The bedrock assumption underlying child welfare policy is that children are better off if raised by their natural parents. This preference for the role of natural parents is codified in law and provides the rationale for retaining reunification as a core outcome for children placed in foster care. Parents have the fundamental right to direct the care, custody, and control of their children, and it is presumed that, until or unless proven otherwise, they will act in a child's best interest. . . Due in large part to the legal and policy framework protecting parental rights, family reunification remains the primary permanency goal for most children who come into the child welfare system.

Source:  Wulczyn, F. (2004).  Family Reunification. The Future of Children:  Children, Families and Foster Care. Retrieved March 29, 2010

What is differential assessment?
The National Resource Center for Permanency and Family Connections defines differential assessment as:

Individualizing our understanding of the individual, family or group in the context of their present circumstances, past experiences, and potential for future functioning

Deepening our family-centered understanding of the child in the context of family, culture, and community

Strengthening our understanding of the personal, interpersonal and environmental context in which children and families exist and interact

Source:  NRCFCPP. (n.d.) Concurrent Planning Curriculum: Module 2: Differential Assessment to Prevent Foster Care Drift. Retrieved March 29, 2010

What is a prognostic case review?
A prognostic case review considers factors that make timely reunification more or less difficult and more or less likely.   

What information should inform the differential assessment and prognostic case review?

The National Resource Center Permanency and Family Connections identifies the following types of information to be gathered in a comprehensive assessment process:

  • Initial assessments of safety/risk and reasons for child welfare intervention and placement
  • Assessments of family functioning:  assessments of parents, children and family systems that examine family history, current strengths, presenting problems, and underlying needs
  • Prognostic case reviews to determine the need for additional services and placements with resource families
  • Child evaluations

Source:  NRCFCPP. (n.d.) Concurrent Planning Curriculum: Module 2: Differential Assessment to Prevent Foster Care Drift. Retrieved March 29, 2010

What are the characteristics of meaningful comprehensive family assessments?
The National Resource Center for Permanency and Family Connections identifies the following characteristics of comprehensive family assessments:

  • Collaborative: focus on doing with, not for
  • Dependent on extensive family input
  • Build on resources, strengths and potential capacity
  • Identify and explore the core problems that brought the child into care
  • Explore underlying history and needs
  • Consider the child in context of family, culture and community
  • Elicit the parent’s perception of the problems and what they would like to see happen
  • Describe child protective services’ and the courts’ perception of problems and recommendations
  • Build on what may have been learned in other assessments
  • Include an assessment of the family’s environment, physical health, and psychological factors
  • Explore social networks: friends, family, buddies, and acquaintances
  • Explore relatives and resources for support, placement, and possible permanency
  • Ongoing
  • Explore options for the present and the future
  • Include a plan that articulates who does what and when
  • Explore alternative options for safety, permanency and developmental well-being 
  • The comprehensive family assessment can be used to enhance the motivation to change and can create windows of opportunity for movement into the process for change. 

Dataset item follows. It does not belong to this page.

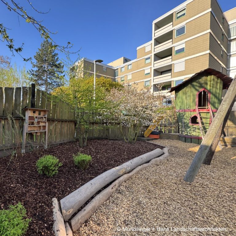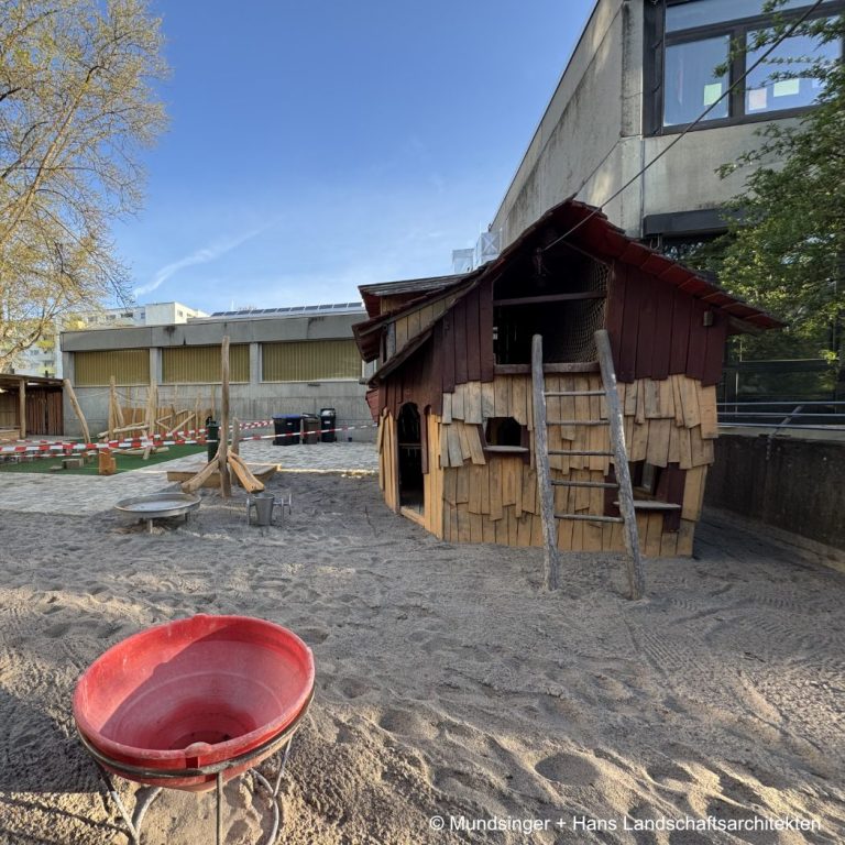 Im Bestandsgarten des Goldwiesen Kinderhauses erfolgen umfassende Ertüchtigungsmaßnahmen in den Bereichen Sonnenschutz, Spielgeräten und Wasserspielzone.

Source:  NRCFCPP. (n.d.) Concurrent Planning Curriculum: Module 2: Differential Assessment to Prevent Foster Care Drift. Retrieved March 29, 2010

What factors have been identified as poor prognostic indicators for reunification?
Concurrent planning models frequently use some type of uniform assessment to identify families whose chances for reunification may be initially perceived as being limited. Many programs use strengths assessments and poor prognosis tools developed by Katz and her colleagues, but some have developed their own tools. The most commonly used poor prognosis indicators are the following:  

  • Parent has previously killed or seriously harmed another child.
  • Parent has repeatedly and with premeditation harmed a child.
  • Parent's only visible support system is a drug culture, with no significant effort to change over time.
  • Parent has significant, protracted, and untreated mental health issues.
  • Parent's rights to another child have been involuntarily terminated.

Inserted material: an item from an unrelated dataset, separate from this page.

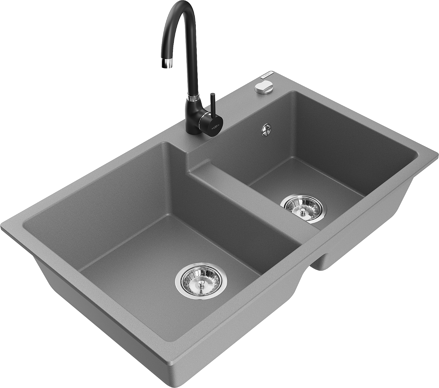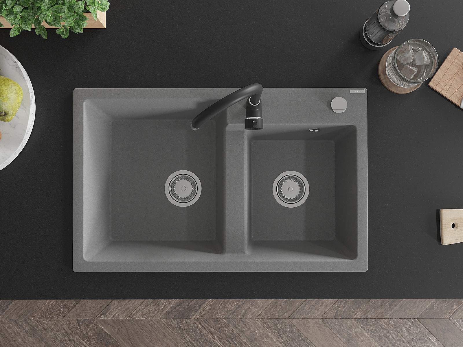 Mexen Tomas granite sink 2-bowl with Telma kitchen tap, grey - 6516-71-670200-70

Source: Lutz, L. (2000). Concurrent planning: Tool for permanency: Survey of selected sites. New York: Hunter College School of Social Work, National Resource Center for Permanency and Family Connections.
At least one study, however, has found no relationship between poor prognosis indicators and the likelihood of family reunification (D'Andrade, Choice, Martin, & Berrick, 2001).

How should indicators of poor prognosis for reunification be used?

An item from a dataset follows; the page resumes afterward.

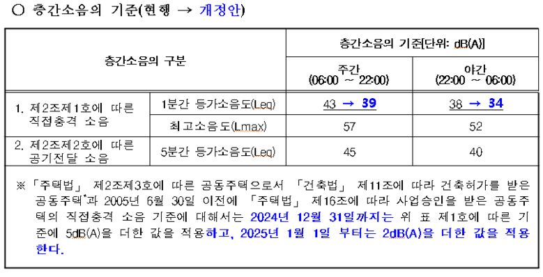 개정안은 현재 주간 43데시벨(dB), 야간 38dB인 직접충격소음 기준(1분 등가소음도)을 주간 39dB, 야간 34dB로 각각 4dB씩 강화한다는 내용을 담았다.

The National Resource Center for Permanency and Family Connections advises that agencies should use poor prognosis indicators as only one part of a comprehensive family assessment, along with other assessment tools such as strengths, risk, and safety indicators. A differential diagnosis that includes all these tools may be more effective in helping caseworkers gather and assess all relevant information to determine services and concurrent planning needs.

Source:  National Resource Center on Foster Care and Permanency Planning. (n.d.). Concurrent Planning Curriculum Module 2: Differential assessment to prevent foster care drift. Retrieved March 29, 2010

Resources

Training on Differential Assessment

The National Resource Center for Permanency and Family Connections training on concurrent planning includes a module, “Differential Assessment to Avoid Foster Care Drift.”  This module describes comprehensive family assessment and differential assessment. 


Differential Assessment Tools and Guidelines

Arizona’s Reunification Prognosis Assessment Guide
This assessment guide is used to identify children in need of concurrent planning.  The guide provides a list of conditions, designated “Poor Prognosis” indicators, which make timely reunification difficult or unlikely.  The completion of the Reunification Prognosis Assessment occurs within 45 days of the child’s initial placement in out of home care.  The caseworker completes the guide on both parents and in consultation with his/her supervisor. If any of the poor prognosis indicators are marked “yes”, a concurrent plan is recommended. At a minimum, concurrent case planning activities must be implemented.  If a concurrent permanency goal is not identified, the Reunification Prognosis Assessment Guide is reviewed and updated at each case plan staffing.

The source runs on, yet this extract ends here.